▸ **Information shown**:
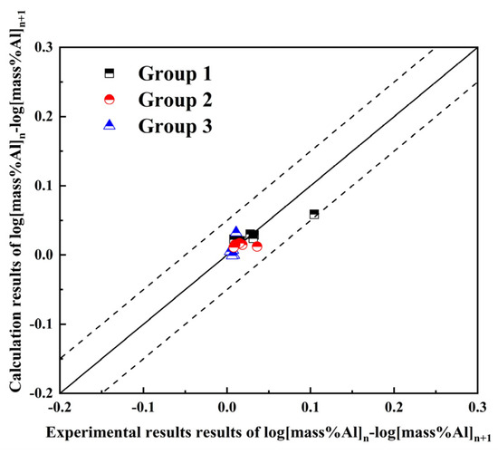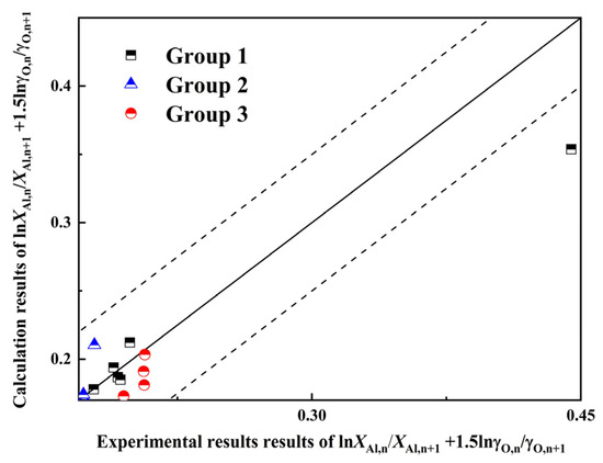 where n represents the experiment number in each group. is the mass fraction of the components. and are the activity coefficient of Al and O, respectively. The expressions for and can be expressed as Equation (4), shown as follows:
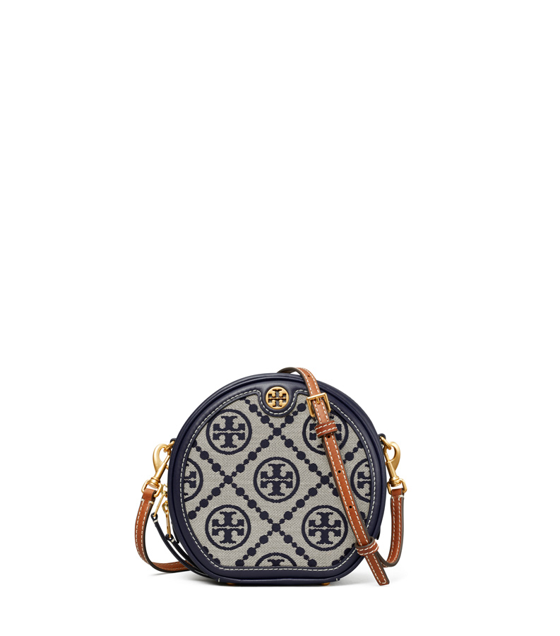 Further building upon this iconic collection, Tory Burch is thrilled to launch the T Monogram Moon for Spring/Summer 2O22. Evoking travel and adventure, the circular shape of a vintage canteen bag has been made for wherever the road leads you. Its structured frame is rounded out with stitched leather trim, a top zipper and protective brass feet on a flat base.
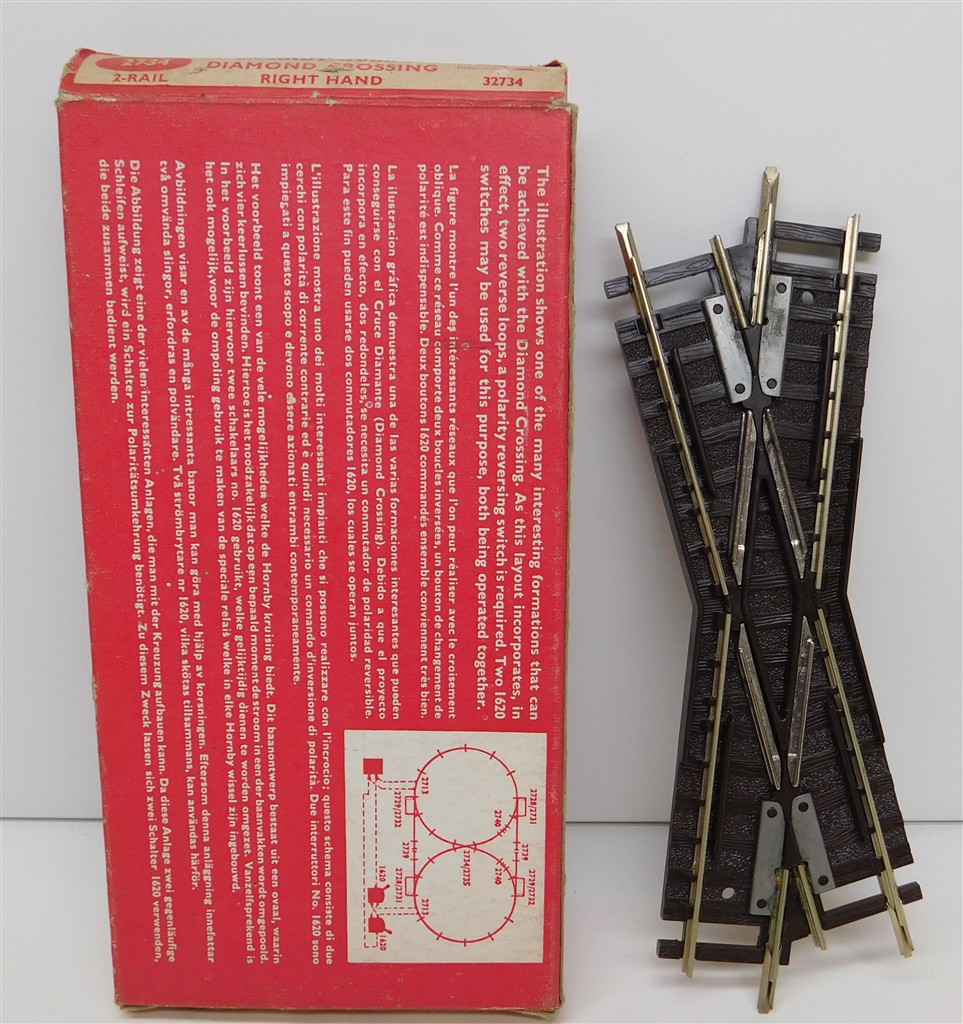 A Hornby Dublo 2734 2 rail right hand diamond crossing, in good used condition, supplied in the tatty original box

▸ **Problem to solve**:
Print the complete listing exactly, apart from any pictures.

▸ **Completed task**:
 where n represents the experiment number in each group. is the mass fraction of the components. and are the activity coefficient of Al and O, respectively. The expressions for and can be expressed as Equation (4), shown as follows:
 Further building upon this iconic collection, Tory Burch is thrilled to launch the T Monogram Moon for Spring/Summer 2O22. Evoking travel and adventure, the circular shape of a vintage canteen bag has been made for wherever the road leads you. Its structured frame is rounded out with stitched leather trim, a top zipper and protective brass feet on a flat base.
 A Hornby Dublo 2734 2 rail right hand diamond crossing, in good used condition, supplied in the tatty original box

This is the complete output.